Scratch et Minecraft à Strasbourg


Banner StrasbourgStrasbourg a clos la saison 2013-2014 avec une session  Scratch pour les moins de 10 ans le matin et Minecraft pour les plus de 10 ans l’après midi

Presque toutes les sessions Devoxx4Kids comportent un atelier Scratch. C’est simple à mettre en oeuvre, les enfants adorent, c’est un incontournable. Mais lorsqu’on cible les plus grands, en fin de collège et au lycée, l’univers coloré de Scratch parait un peu enfantin.

En revanche, avec ados il est possible de faire des ateliers plus longs, plus complexes. Ils sont à l’aise avec le clavier, plus habitués à réfléchir à des problèmes. On peut donc passer à des ateliers de programmation.

Apprendre à programmer

Il y a des ateliers basés sur des outils spécifiquement conçus pour cet apprentissage comme Greenfoot.

On peut aussi utiliser des outils qui n’ont pas d’objectif éducatif à la base mais qui sont assez faciles à maîtriser. Une  possibilité est Minecraft.

participants codant un mod

Minecraft est un jeu développé en Java. C’est un jeu multi-joueurs ouvert (il n’y a pas de mission, le joueur fait ce qu’il veut). Le monde comporte des dangers et le but de ce jeu est de coopérer pour se protéger et développer le monde.

Les objets sont construits à partir de briques 3D ce qui rappelle l’univers des Lego. Au fil du temps, les joueurs conçoivent des objets de plus haut niveau en assemblant des briques plus simples. Les joueurs peuvent intervenir sur le jeu en créant des mods programmés en Java qui contrôlent comment les objets s’animent ou réagissent à l’environnement.

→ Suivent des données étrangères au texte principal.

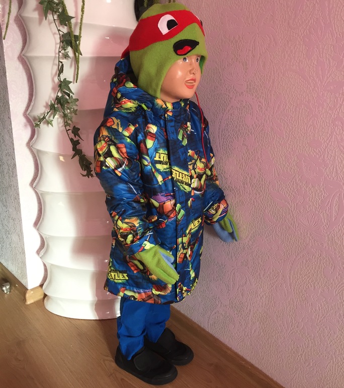 Ой красиво и ткань хорошо в изделии смотрится .а я на нее смотрела в картинке .никак не могла представить как в изделии будет. Шапка и варежки вообще крутецкие. На какой рост курточка .сколько плащевки ушло.?

Il n’y a pas eu beaucoup d’ateliers Minecraft alors voyons comment ça se passe.

L’atelier

Contrairement à Scratch où l’on peut laisser les participants assez libres, la programmation est ici assez compliquée. Les instructions doivent donc être assez précises et détaillées. Elles indiquent en détail les opérations à réaliser dans le jeu et les parties du code à modifier, à quelle ligne et comment.

Les modifications qu’ils vont mettre en oeuvre changent le fonctionnement du jeu : les bombes sont plus grosses, les sorcières font meuh, les cochons volent et de nouvelles recettes permettent de créer de nouveaux produits.

Vous pouvez trouver la description de l’atelier dans les ressources du site international.

minecraft3-sq-300px
Le but est de motiver en utilisant le jeu. La programmation est minimale mais cela permet de se familiariser avec le code, de comprendre que les modifications que l’on fait sur le code ont un impact sur le jeu, et de convaincre les ados qu’ils peuvent intervenir sur le programme.

Les participants alternent entre programmation et jeu pour tester les modifications et s’amusent  beaucoup des modifications incongrues comme la sorcière qui fait meuh.

Côté pratique, il vous faudra une licence server qui coûte un peu de moins de 20 € et la possibilité de faire un réseau local entre les ordinateurs des participants.

La gestion du groupe

J’étais curieuse de la participation des filles. Sans rentrer dans des stéréotypes, sur un plan statistique les filles et les garçons ne jouent pas aux même jeux vidéos. Les jeux de combat attirent plus les garçons, et les jeux de simulation de ville ou de société plus les filles. Minecraft est un peu des deux selon comment on veut jouer.

Il y avait peu de filles, mais elles étaient présentes et se sont amusées à construire cet univers.

fillette codant

En revanche, j’ai noté qu’il était important que le rythme soit soutenu et qu’ils aient toujours des objectifs.

Les instructions de l’atelier sont assez longues à mettre en oeuvre, il faut bien deux heures. Mais la session durait 3 heures et une fois toutes les instructions mises en oeuvre, il y a eu un temps mort le temps de préparer autre chose.

Un petit groupe a mis à profit ce temps mort pour utiliser ses armes contre les autres participants et ils ont commencé à se battre.

Le groupe s’est partagé en deux :  une partie des participants voulait se battre entre eux, une autre partie voulait continuer à construire leur monde sans se faire massacrer par les autres joueurs. Bien sûr dans ce dernier groupe, il se trouvait une jeune fille qui prenait ce jeu avec moins de recul et qui « ne voulait pas mourir ». Mais il y avait des garçons qui voulaient terminer leur construction sans se faire massacrer.

Au final ça n’est pas grave qu’ils finissent l’après midi en jouant après 2h d’exercices, il faut simplement s’assurer qu’il y ait des serveurs adaptés aux attentes des différents joueurs.